Over the current financial year, easyJet plans to grow capacity by up to 9 percent. As fares have fallen, the airline's strategy has been to stick to its expansion plans, arguing it is well-positioned to emerge as a winner when higher fuel prices return and higher cost operators suffer.

But its founder and top shareholder, Stelios Haji-Ioannou, who owns about 33 percent of the company, disagrees. He said on Tuesday he would use some of his shares at the company's annual meeting in a protest vote against the expansion plan.

"The best way to increase the earnings per share and send the share price up again is to reduce the incremental aircraft in the fleet from 2018 onwards," Haji-Ioannou said.

EasyJet CEO Carolyn McCall told reporters on a call the airline could increase or defer aircraft at short notice, given its flexible arrangement with supplier Airbus.

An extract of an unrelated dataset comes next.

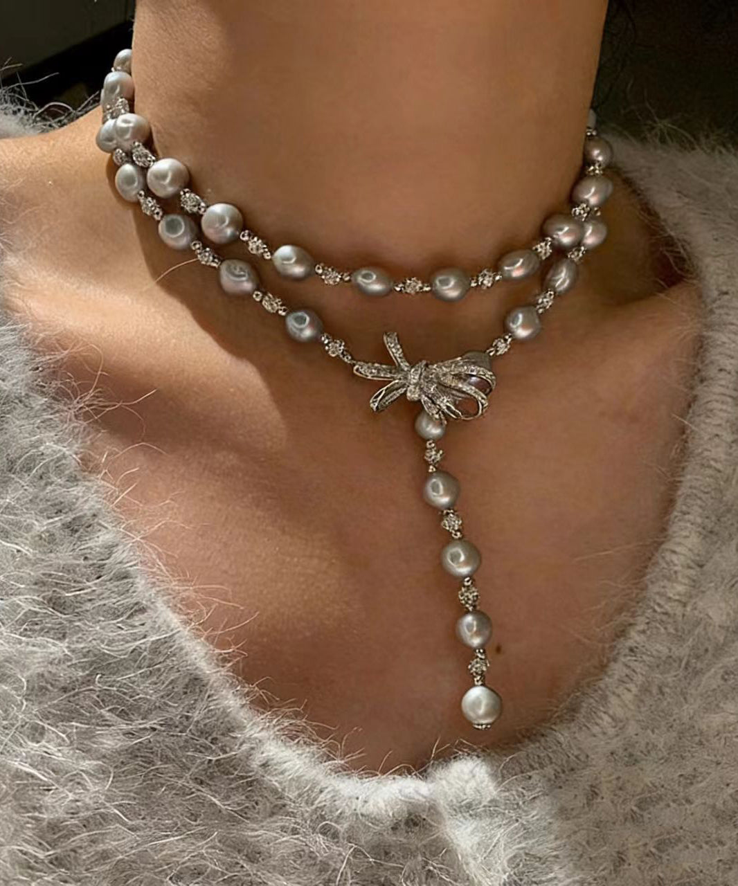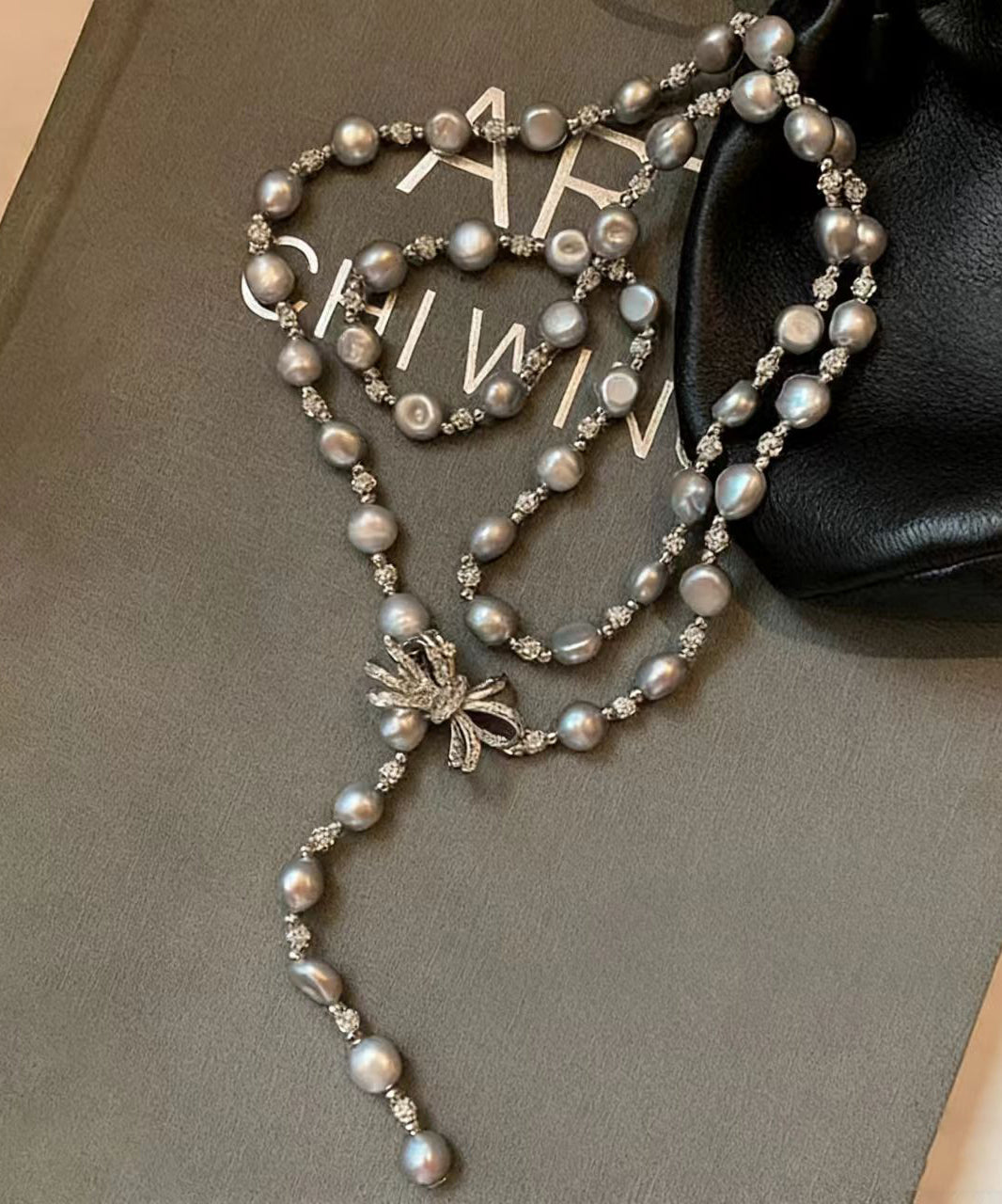Elegant Grey Bow Multi-layer Pearl Necklace

"We have not activated any deferrals yet," she said. "That is still under review and that will be taken at board level as part of the strategic look at what we do."

STERLING EXPOSURE

While other carriers have also been affected by sterling weakness - Ryanair cut its profit forecast in October - easyJet is more exposed to the pound than others.

"It's worth bearing in mind that no other major airline reports in sterling or earns a similar proportion of its revenue in sterling," McCall said.

The pound has fallen 17 percent against the U.S. dollar since the Brexit vote, a headwind for easyJet as it buys fuel in dollars but earns about half its revenues from UK-based sales.

Fuel prices have also started to rise - they are up to about $53 a barrel from around $30 this time last year, impacting the minority part of easyJet's fuel bill which is not hedged.

A weaker pound also makes travel to Europe more expensive for those departing from Britain, but easyJet said demand from UK leisure passengers was strong, with Britons factoring in the new exchange rate into their holidays.

"There's no evidence at the moment that Britons are staying at home and having holidays only at home," McCall said.

EasyJet is trying to counter declining ticket prices by cutting costs, but competition is such that it expects ticket prices to decline by a high single-digit percentage in the first half of the year, at the top end of guidance given in November.